*REQUIRED WORK*. The required output is the exact run of lines in the listing below from the line holding "found another life" through the line holding "If the project", with no pictures.

*PROVIDED DATA*.
***

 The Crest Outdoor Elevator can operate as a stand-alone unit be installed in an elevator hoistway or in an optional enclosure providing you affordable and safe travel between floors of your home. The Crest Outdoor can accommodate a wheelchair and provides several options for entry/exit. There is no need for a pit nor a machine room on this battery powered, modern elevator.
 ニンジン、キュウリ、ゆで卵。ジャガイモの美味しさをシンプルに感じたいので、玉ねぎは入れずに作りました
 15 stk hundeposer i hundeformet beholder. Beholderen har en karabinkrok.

***

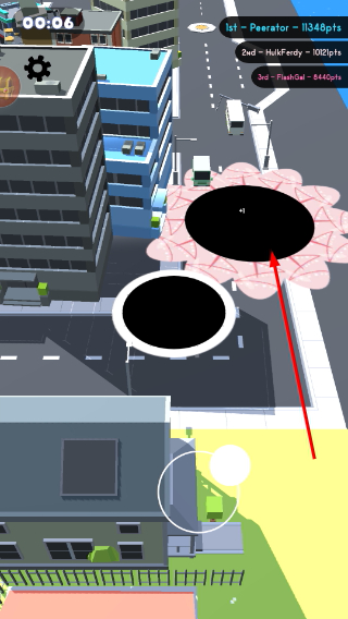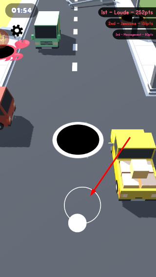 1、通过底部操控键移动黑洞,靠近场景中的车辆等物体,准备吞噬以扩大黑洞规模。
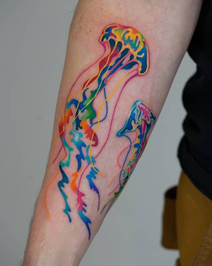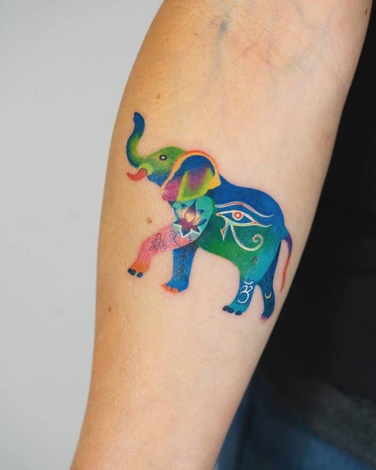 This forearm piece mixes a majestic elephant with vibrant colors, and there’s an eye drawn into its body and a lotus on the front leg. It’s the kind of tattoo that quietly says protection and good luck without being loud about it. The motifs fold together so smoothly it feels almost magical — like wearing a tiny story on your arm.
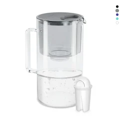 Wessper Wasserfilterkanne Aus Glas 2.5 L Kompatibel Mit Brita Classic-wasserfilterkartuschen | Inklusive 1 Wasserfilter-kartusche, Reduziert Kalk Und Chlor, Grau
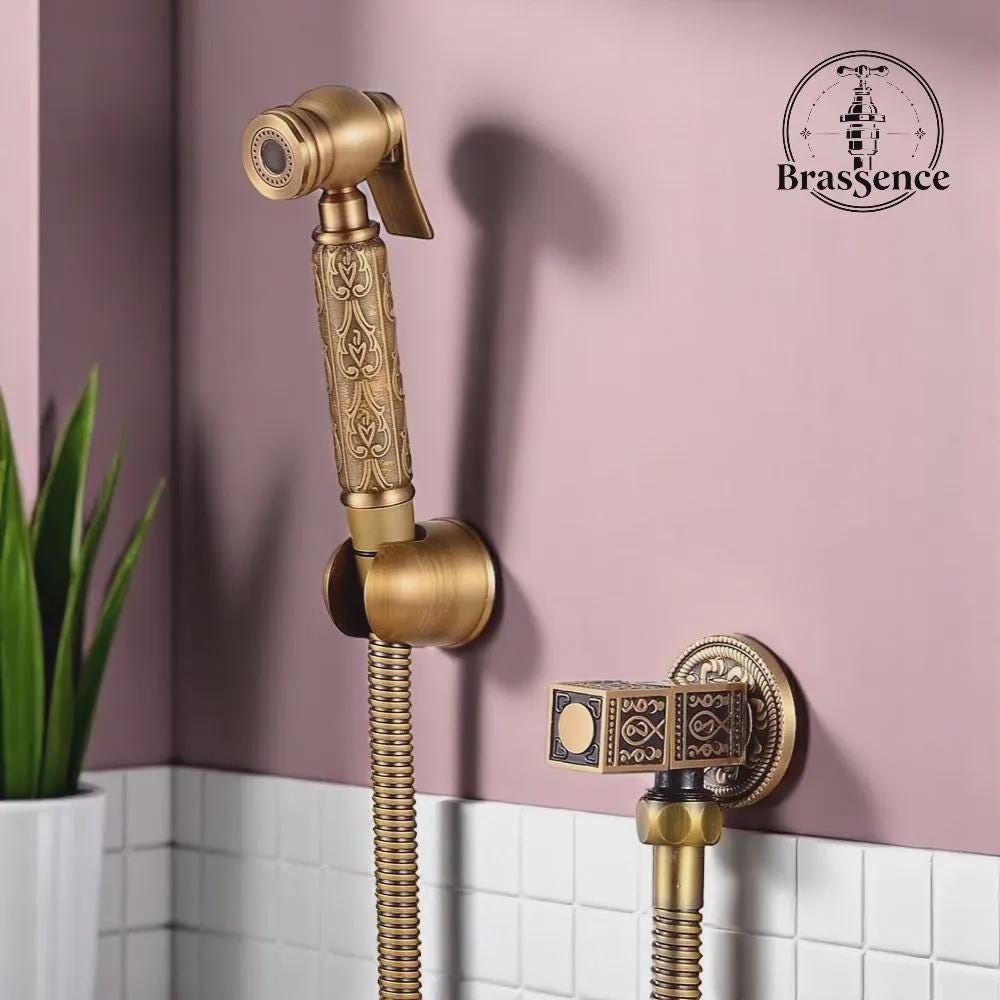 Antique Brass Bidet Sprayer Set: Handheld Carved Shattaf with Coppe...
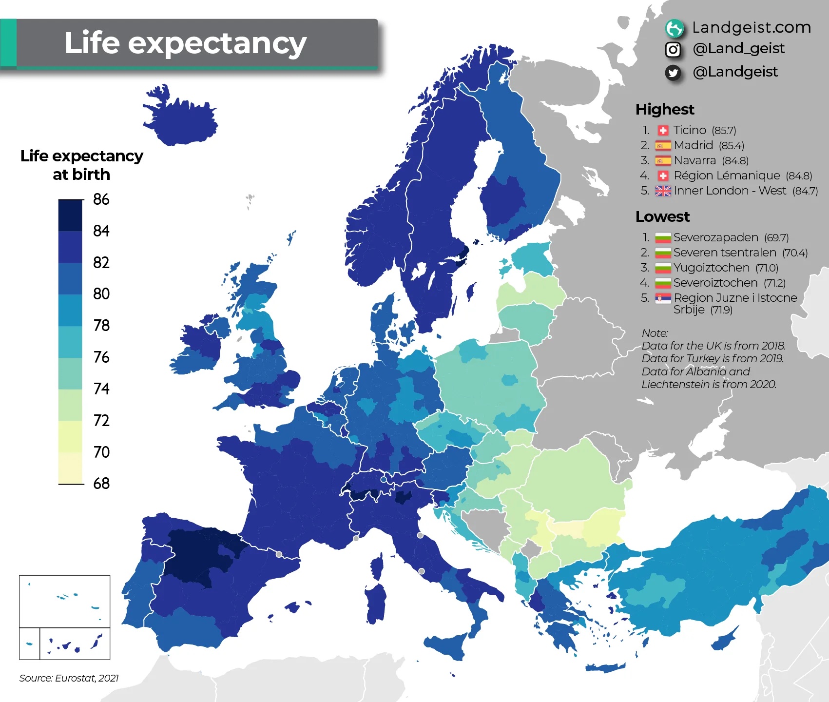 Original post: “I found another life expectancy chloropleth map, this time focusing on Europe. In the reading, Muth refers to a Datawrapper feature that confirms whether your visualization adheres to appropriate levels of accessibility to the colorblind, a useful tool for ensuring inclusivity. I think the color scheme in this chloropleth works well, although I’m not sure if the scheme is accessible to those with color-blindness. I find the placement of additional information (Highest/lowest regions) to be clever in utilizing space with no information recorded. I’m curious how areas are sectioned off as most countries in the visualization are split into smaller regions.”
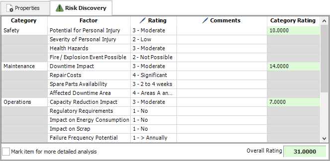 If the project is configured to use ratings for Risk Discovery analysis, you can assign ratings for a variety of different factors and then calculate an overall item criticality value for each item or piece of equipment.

***

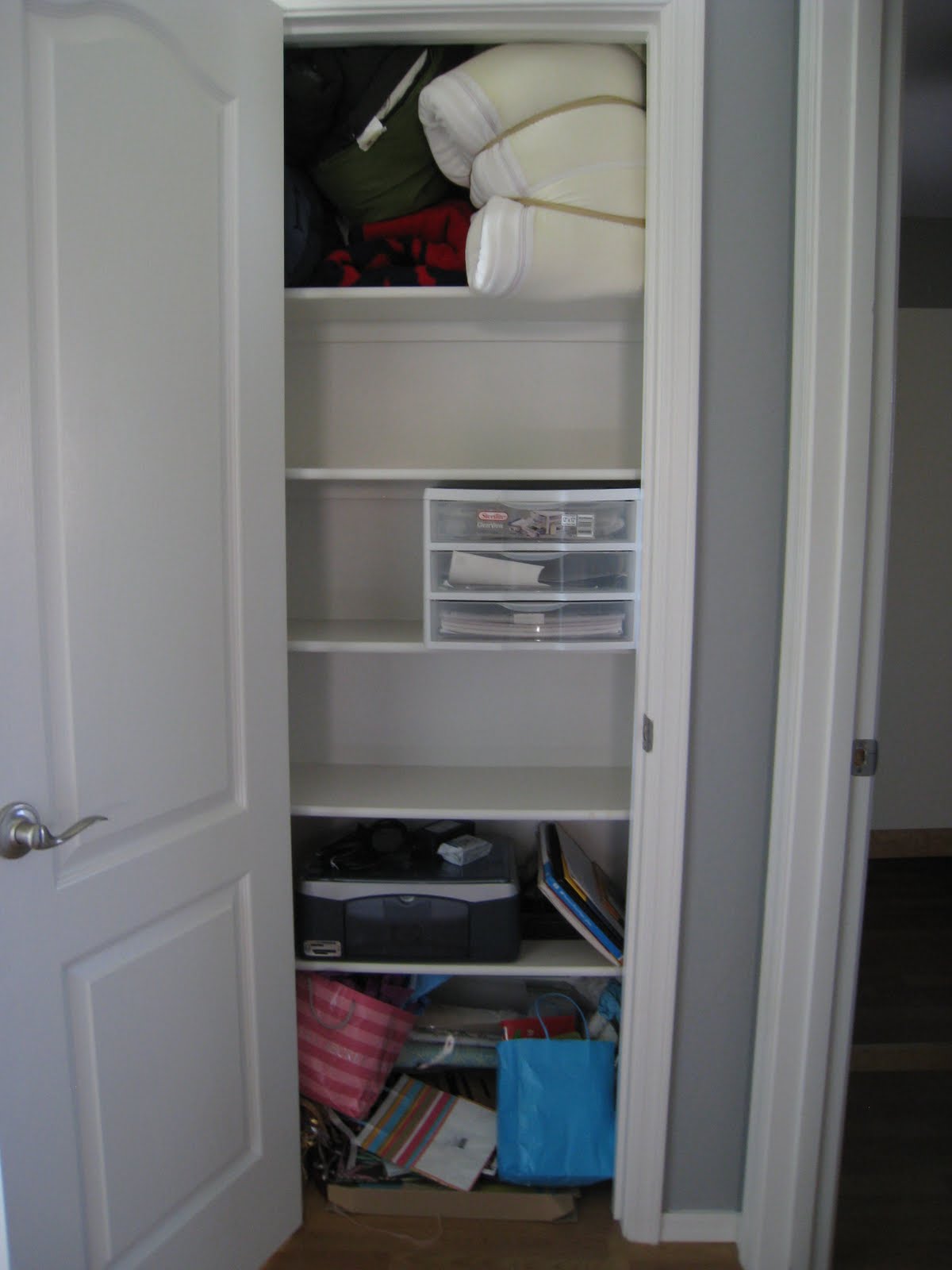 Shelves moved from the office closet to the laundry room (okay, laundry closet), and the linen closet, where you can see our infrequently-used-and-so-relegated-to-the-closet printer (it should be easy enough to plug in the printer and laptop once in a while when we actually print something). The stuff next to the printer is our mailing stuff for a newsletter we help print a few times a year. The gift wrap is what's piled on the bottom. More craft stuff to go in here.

***

*RESULT OF THIS TASK*.
 Original post: “I found another life expectancy chloropleth map, this time focusing on Europe. In the reading, Muth refers to a Datawrapper feature that confirms whether your visualization adheres to appropriate levels of accessibility to the colorblind, a useful tool for ensuring inclusivity. I think the color scheme in this chloropleth works well, although I’m not sure if the scheme is accessible to those with color-blindness. I find the placement of additional information (Highest/lowest regions) to be clever in utilizing space with no information recorded. I’m curious how areas are sectioned off as most countries in the visualization are split into smaller regions.”
 If the project is configured to use ratings for Risk Discovery analysis, you can assign ratings for a variety of different factors and then calculate an overall item criticality value for each item or piece of equipment.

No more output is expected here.